FINRA Awards Former Merrill Co-President $1.2M of $70M Claim

A FINRA arbitration panel has awarded former Merrill Lynch Co-President Ahmass L. Fakahany $1.2 million out of the more than $70 million in compensatory damages he sought from his former employer.

Fakahany’s claim was first filed in December 2008, months after he officially left Merrill Lynch in February 2008. His departure came as the firm swapped leaders, with Chief Executive E. Stanley O’Neal stepping down in October 2007 as the credit crisis took hold. He was replaced in December 2007 by John Thain.

Fakahany was promoted to the co-president position by O’Neal in May 2007, records show. Fakahany’s claim against Merrill Lynch cited quantum merit, unjust enrichment and promissory estoppel. The case, according to a source familiar with the situation, was tied to Fakahany’s bonus compensation.

The respondents, including Bank of America, Merrill Lynch and certain executives including  Thain, denied the allegations. More details about the panel proceedings were not revealed.

In its decision, the FINRA panel awarded $1.2 million in compensatory damages to Fakahany and denied all other relief. In addition to the $70 million in compensatory damages, Fakahany was seeking unspecified attorney’s fees, costs and disbursements, interest and other relief.

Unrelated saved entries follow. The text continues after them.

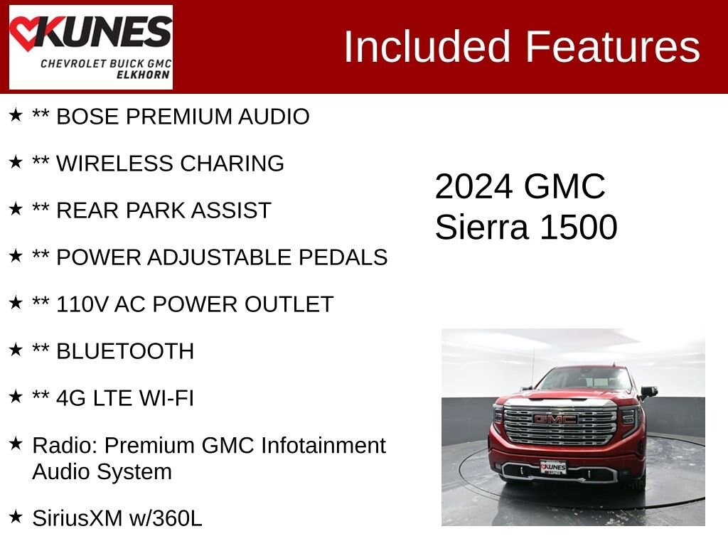 ** SUNROOF, ** APPLE CAR PLAY / ANDROID AUTO, ** LEATHER, ** REMOTE START, ** HEATED SEATS, ** HEATED/COOLED SEATS, ** BACKUP CAMERA, ** NAVIGATION, ** SIRIUSXM RADIO, ** BOSE PREMIUM AUDIO, ** WIRELESS CHARING, ** REAR PARK ASSIST, ** POWER ADJUSTABLE PEDALS, ** 110V AC POWER OUTLET, ** BLUETOOTH, ** 4G LTE WI-FI, 10-Speed Automatic, 4WD, Black Leather, 12-Way Power Driver Seat Adjuster w/Lumbar, 12-Way Power Passenger Seat Adjuster w/Lumbar, 120-Volt Bed Mounted Power Outlet, 120-Volt Interior Power Outlet, 2 Charge/Data USB Ports Inside Center Console, 2 Type-C Charge-Only Rear USB Ports, 2 USB Ports, 3.23 Rear Axle Ratio, 7 Speakers, Adaptive suspension, Alloy wheels, AM/FM radio: SiriusXM with 360L, Auto-dimming door mirrors, Buckle to Drive, Bumpers: body-color, Chrome Header w/Signature Denali Chrome Grille, Chrome Recovery Hooks, Chrome Wheel To Wheel Assist Steps, Color-Keyed Carpeting Floor Covering, Compass, Delay-off headlights, Denali Premium Suspension w/Adaptive Ride Control, Driver door bin, Driver vanity mirror, Dual front side impact airbags, Electric Rear-Window Defogger, Emergency communication system: OnStar and GMC connected services capable, Floor-Mounted Center Console, Forge Perforated Leather Seat Trim, Front Bucket Seats, Front Center Armrest, Front dual zone A/C, Front Rain-Sensing Wipers, Front reading lights, Front wheel independent suspension, Garage door transmitter, Genuine wood console insert, Genuine wood dashboard insert, Genuine wood door panel insert, GMC Connected Access Capable, GMC MultiPro Power Steps, HD Surround Vision, Heated 2nd Row Outboard Seats, Heated front seats, Heated rear seats, Heated steering wheel, Hill Descent Control, Hitch Guidance, Hitch View, Illuminated entry, In-Vehicle Trailering System App, Integrated Trailer Brake Controller, Keyless Open & Start, LED Cargo Area Lighting, Low tire pressure warning, Occupant sensing airbag, OnStar & GMC Connected Services Capable, Outside temperature display, Overhead airbag, Overhead console, Panic alarm, Passenger door bin, Passenger vanity mirror, Power door mirrors, Power Front Passenger Windows w/Express Up/Down, Power Front Windows w/Driver Express Up/Down, Power passenger seat, Power Rake & Telescoping Steering Column, Power Rear Windows w/Express Down, Power Sliding Rear Window w/Rear Defogger, Premium Bose 7-Speaker Sound System, Radio data system, Radio: Premium GMC Infotainment Audio System, Rear Camera Mirror, Rear Pedestrian Detection, Rear reading lights, Rear seat center armrest, Rear step bumper, Rear Wheelhouse Liners, Rear window defroster, Safety Alert Seat, SiriusXM w/360L, Speed-sensing steering, Split folding rear seat, Spray-On Pickup Bedliner w/Denali Logo, Tachometer, Telescoping steering wheel, Theft Deterrent System (Unauthorized Entry), Tilt steering wheel, Trailer Camera Provisions, Trailer Side Blind Zone Alert, Trip computer, Ultrasonic Front & Rear Park Assist, Universal Home Remote, Ventilated Driver & Front Passenger Seats, Ventilated front seats, Wheel Locks (Set of 4) (LPO), Wheels: 20 x 9 Multi-Dimensional Polished Alum, Wheels: 22 x 9 Painted Aluminum, Wi-Fi Hotspot Capable, Wireless Charging.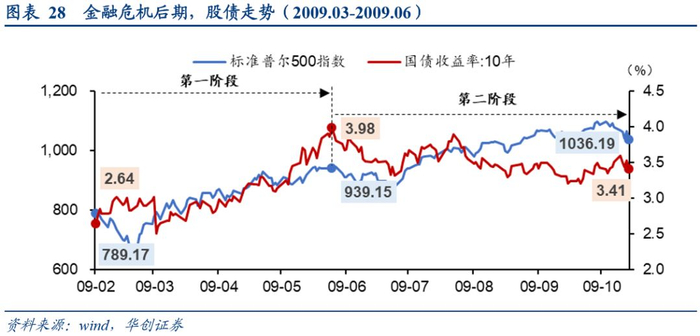 第三阶段(2009.03-2009.06):危机进入后半场,随着QE扩容等更大规模的额刺激政策出台,基本面逐渐触底,经济出现复苏迹象,股市触底回升,开启十年牛市;美债收益率则大幅上行。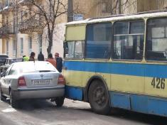 Тролейбус "пошкрябав" Skoda Octavia (фото)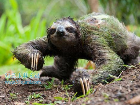 树懒主要分布在南美洲,终年栖居树上,用爪钩住树枝倒挂身躯,是世界上最慢的动物之一,它们的移动速度在3-6.7厘米每秒。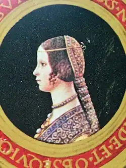 Crivelli was a lady-in-waiting to Ludovico Sforza's wife, Beatrice d'Este (29 June 1475 – 2 January 1497). During this time, she also became the mistress of Sforza. In 1497, she gave birth to his son, Giovanni Paolo.[1] Sforza's affair with Crivelli caused much distress to his wife, who was considered accomplished and cultured. Upon learning of the affair, d'Este tried without success to have Crivelli banished from court. However, after Beatrice's death in 1497, Lucrezia returned to court and bore Sforza a second child in 1500.[1]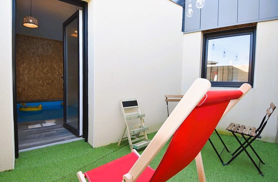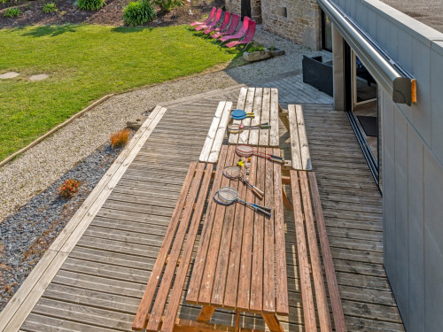 - une grande terrasse en bois exotique exposée plein sud avec salon d'extérieur, barbecue et brasero ;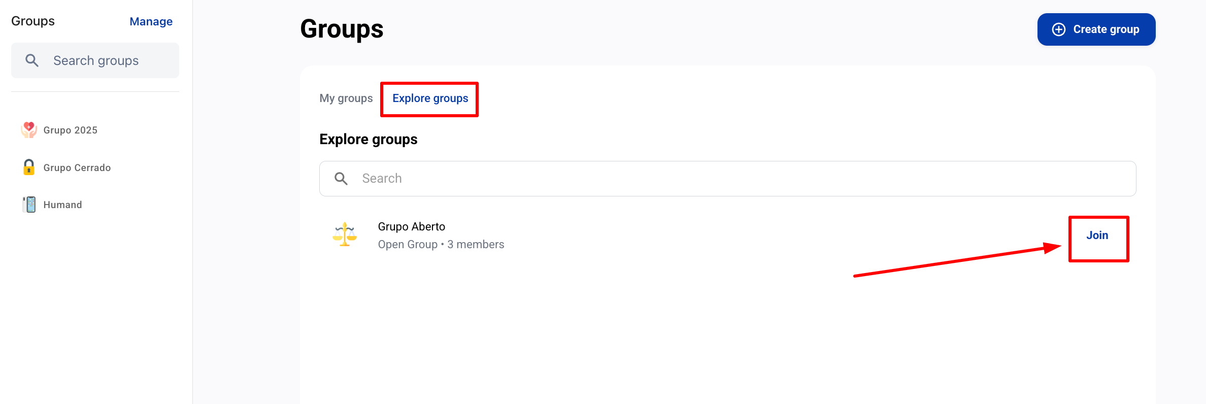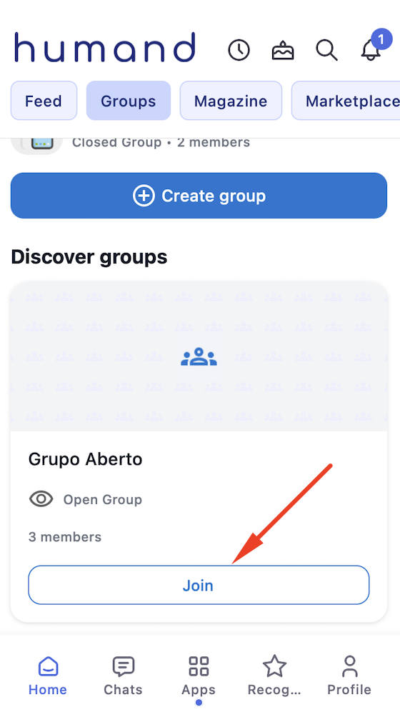 - От секцията "Открийте групи" (само за затворени групи) в мобилната версия на Humand App.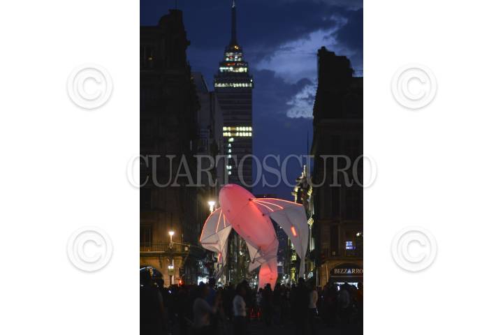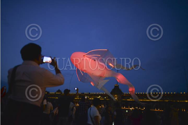 MÉXICO, D.F., 07MAYO2015.- En la Plaza de la Constitución, se presenta la creación "Los Lumineoles", de Porte Part Le vent, como parte de la segunda edición del Festival Internacional de las Luces México 2015 FILUX a realizarse del 07 al 10 de mayo de 19:00 hrs a 00:00 hrs en diferentes sedes. FOTO: ADOLFO VLADIMIR /CUARTOSCURO.COM
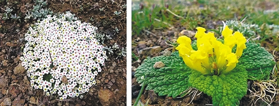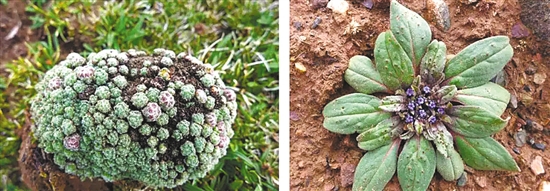 开花多但花较小的垫状点地梅(左)和藏玄参(右) 摄影/杨永平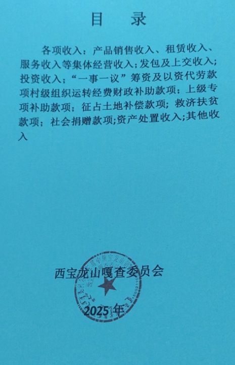 各项收入:产品销售收入、租赁收入、服务收入等集体经营收入;发包及上交收入;投资收入;“一事一议”筹资及以资代劳款项村级组织运转经费财政补助款项;上级专项补助款项;征占土地补偿款项; 救济扶贫款项;社会捐赠款项;资产处置收入;其他收入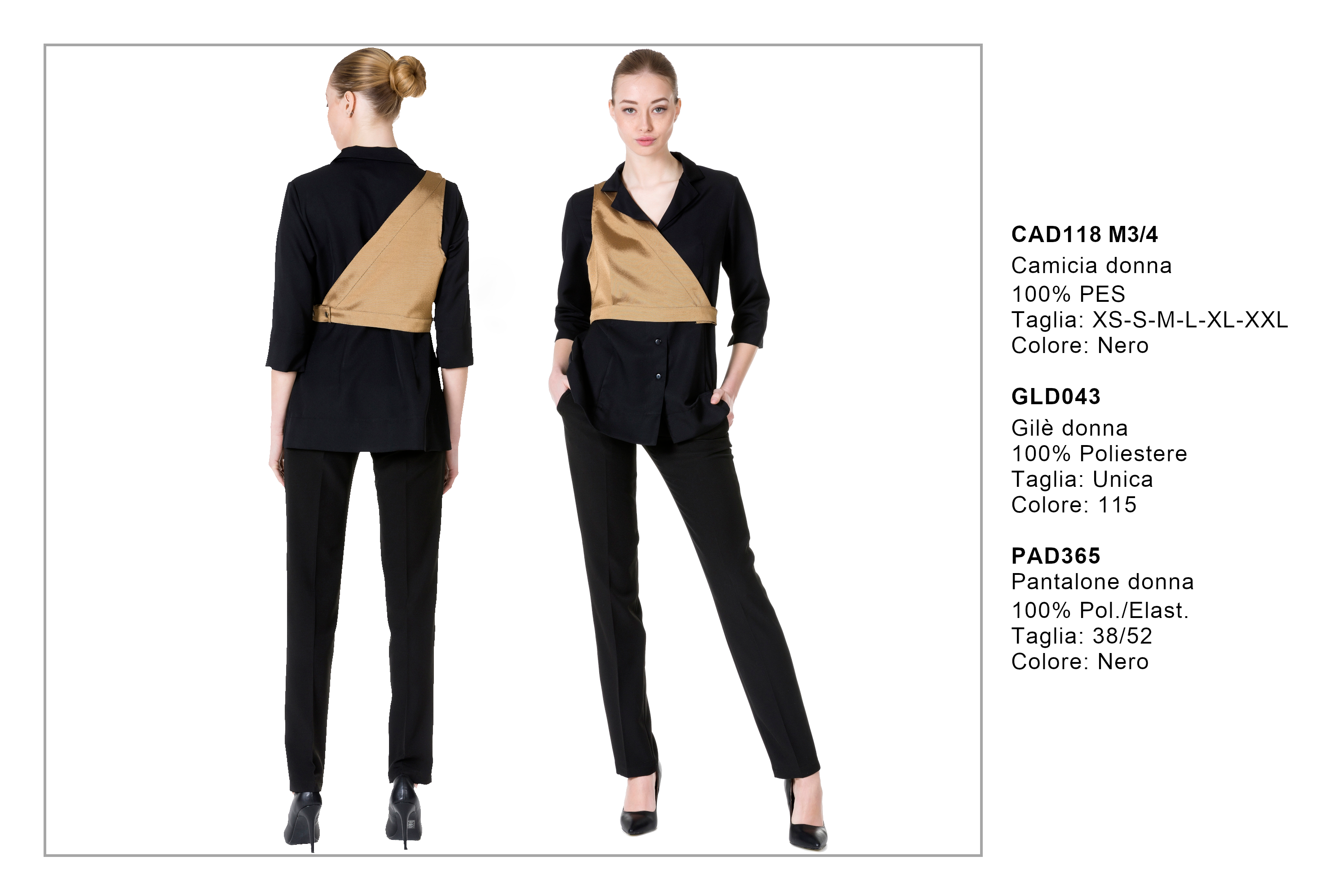 Maglia nera e gilet oro per cameriera. Un abbinamento insolito che rende unico il personale di sala.
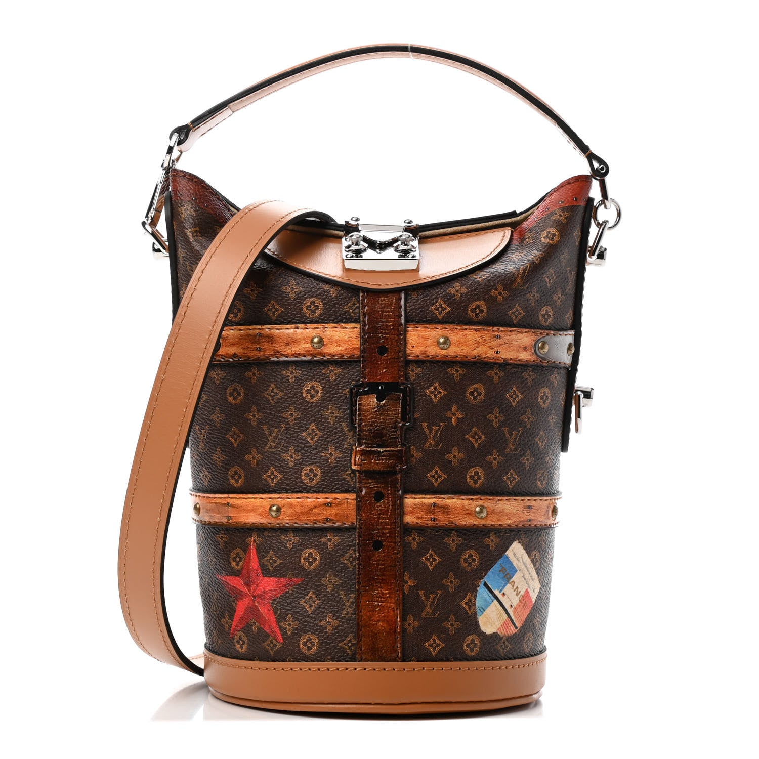 - Crafted from coated monogram canvas with intricate trunk-style detailing.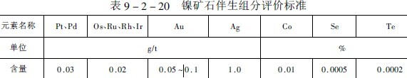硫化鎳礦除含銅外,還伴生有鉑族金屬、鈷、金、銀、硒、碲等有價(jià)元素,評(píng)價(jià)標(biāo)準(zhǔn)列于表9-2-20。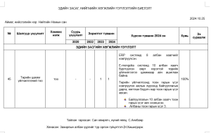 Бодлогын баримт бичгийн тайлан мэдээ Эдийн засаг нийгмийн хөгжлийн үзүүлэлт Админ - 2024-12-03 99 Хариуцсан ажилтан Сан хөмрөгч, хүний нөөцийн ажилтан С.Анхбаяр Мэдээлэл авах дугаар 70543194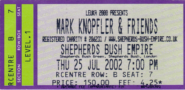 Guests: Mark Knopfler and Steve Phillips, each £22 |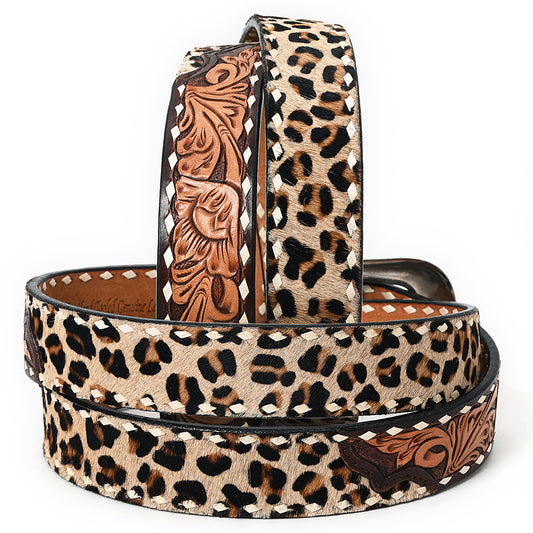 ADBLF227 Leopard Print Hair-On & Tooled Leather Western Belt with Engraved Buckle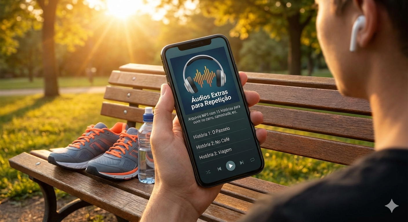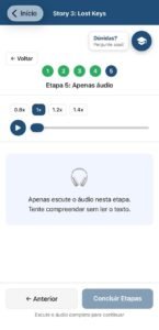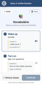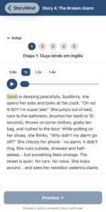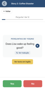 Aqui você testa sua compreensão dentro do contexto da história, fortalecendo a capacidade de entender frases completas sem depender de explicações longas.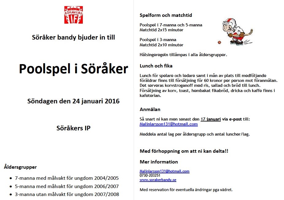 Söråker bandy bjuder in till Poolspel i Söråker Söndagen den 24 januari 2016 Söråkers IP Åldersgrupper • 7-manna med målvakt för ungdom 2004/2005 • 5-manna med målvakt för ungdom 2006/2007 • 3-manna utan målvakt för ungdom 2007/2008 Spelform och matchtid Poolspel i 7-manna och 5-manna Matchtid 2x15 minuter Poolspel i 3-manna Matchtid 2x10 minuter Hälsingeregeln tillämpas i alla åldersgrupper. Lunch och fika Lunch för spelare och ledare samt i mån av plats till medföljande föräldrar finns till försäljning för 60 kronor per person mot föranmälan. Det serveras korvstroganoff med ris, sallad och bröd till lunch. Försäljning av korv, toast, hembakat fikabröd, dricka och kaffe finns i kafeterian. Anmälan Så snart ni kan men senast den 17 januari via e-post till: Malinlarsson131@hotmail.com Meddela antal lag per åldersgrupp och antal luncher/lag. Med förhoppning om att ni kan delta!! Mer information Malinlarsson131@hotmail.com 0730-203251 www.sorakerbandy.se Med reservation för eventuella ändringar pga vädret. Söråkers IF 12 jan 2016 0kommentarer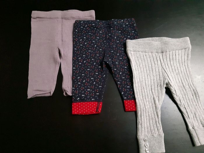 Lot 3 legging bébé fille 3 mois petit bateau vertbaudet obaibi liberty violet gris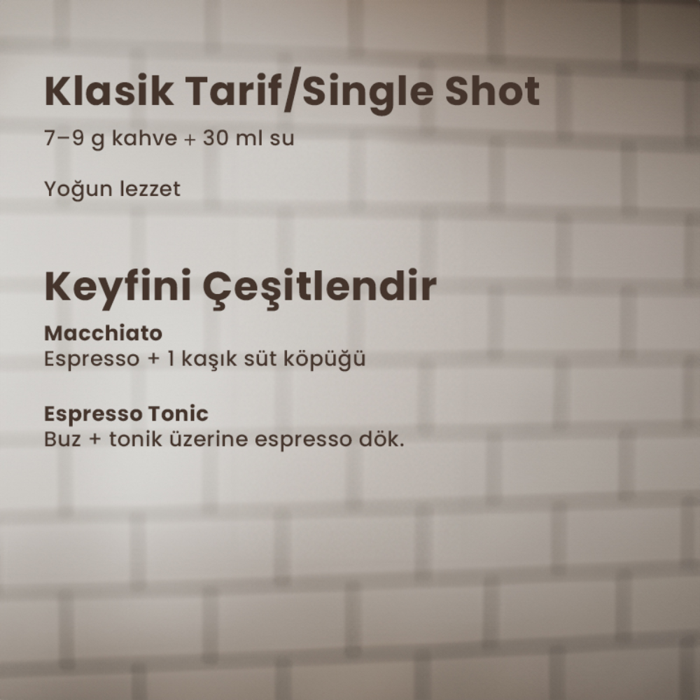 250 gramlık özel ambalaj, kahve çekirdeklerinin tazeliğini uzun süre korur. Hava almayan zipli ambalaj sistemi sayesinde aromalar hapsedilir ve her fincanda taze öğütülmüş kahve deneyimi sunar. Öğütülmemiş çekirdek kahve olması, kişiye özel demleme teknikleri için tam kontrol imkanı verir.

Fakahany’s lawyers were not available for comment on the decision.

The compensation issue addressed by the claim pre-dated Bank of America’s acquisition of Merrill Lynch, said Bank of America Spokesman Bill Halldin. Fakahany was never employed by Bank of America, Halldin said.

The FINRA panel charged the respondents in the case to pay $27,600 in fees, including $3,600 for adjournment fees, $1,200 for discovery-related motion fees and $22,800 for hearing session fees. Merrill Lynch Pierce Fenner & Smith, a broker-dealer and investment advisor, and Banc of America Securities were also ordered to pay $10,000 in member surcharge, pre-hearing and hearing process fees.

Lorie Konish writes for Financial Planning.